_ASSIGNMENT_:
Reproduction of part of the material below, pictures omitted: copy exactly, and only, the lines starting with the one with "- 「今後のご予約」または「過去のご予約」から表示するセッションを選択します。" and going on through the one with "Sterling silver, hand".

_RECORDS SHOWN_:
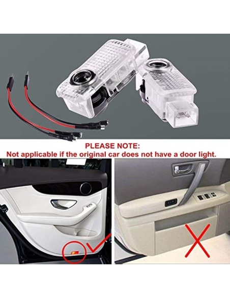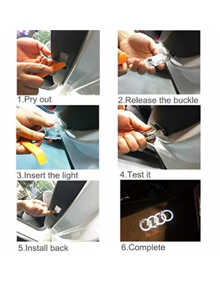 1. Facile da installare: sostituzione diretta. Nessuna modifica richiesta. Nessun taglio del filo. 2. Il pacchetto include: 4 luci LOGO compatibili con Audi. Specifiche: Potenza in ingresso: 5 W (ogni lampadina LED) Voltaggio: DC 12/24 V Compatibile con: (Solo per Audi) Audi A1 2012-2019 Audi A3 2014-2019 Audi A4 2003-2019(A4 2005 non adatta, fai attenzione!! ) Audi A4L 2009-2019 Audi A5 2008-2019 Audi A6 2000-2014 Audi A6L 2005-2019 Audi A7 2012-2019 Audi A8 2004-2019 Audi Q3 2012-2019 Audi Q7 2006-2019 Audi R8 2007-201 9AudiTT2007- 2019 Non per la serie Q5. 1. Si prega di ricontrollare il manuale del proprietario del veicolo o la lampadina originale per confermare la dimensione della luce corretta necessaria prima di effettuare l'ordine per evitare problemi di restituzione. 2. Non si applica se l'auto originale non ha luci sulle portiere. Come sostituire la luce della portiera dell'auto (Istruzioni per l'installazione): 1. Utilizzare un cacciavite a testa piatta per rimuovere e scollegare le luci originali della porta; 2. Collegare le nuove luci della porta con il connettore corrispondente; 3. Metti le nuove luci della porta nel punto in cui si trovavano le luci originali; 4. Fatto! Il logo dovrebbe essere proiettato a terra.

--

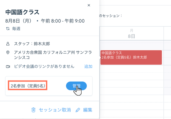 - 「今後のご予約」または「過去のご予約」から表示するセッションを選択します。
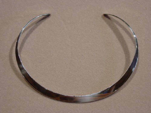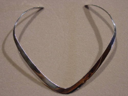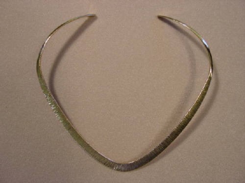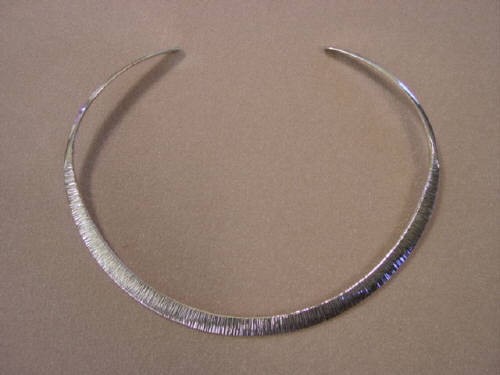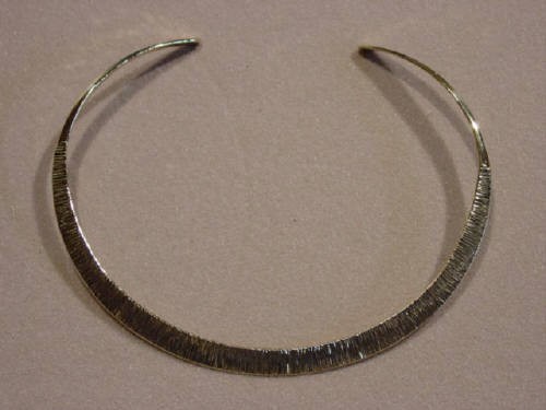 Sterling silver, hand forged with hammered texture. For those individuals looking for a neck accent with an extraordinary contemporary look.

--

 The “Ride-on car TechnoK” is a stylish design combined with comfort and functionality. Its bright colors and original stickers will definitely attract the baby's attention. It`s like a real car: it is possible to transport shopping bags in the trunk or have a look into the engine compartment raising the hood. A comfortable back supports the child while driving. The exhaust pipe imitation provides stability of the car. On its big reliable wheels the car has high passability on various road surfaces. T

_ANSWER TO THIS PROBLEM_:
 - 「今後のご予約」または「過去のご予約」から表示するセッションを選択します。
 Sterling silver, hand forged with hammered texture. For those individuals looking for a neck accent with an extraordinary contemporary look.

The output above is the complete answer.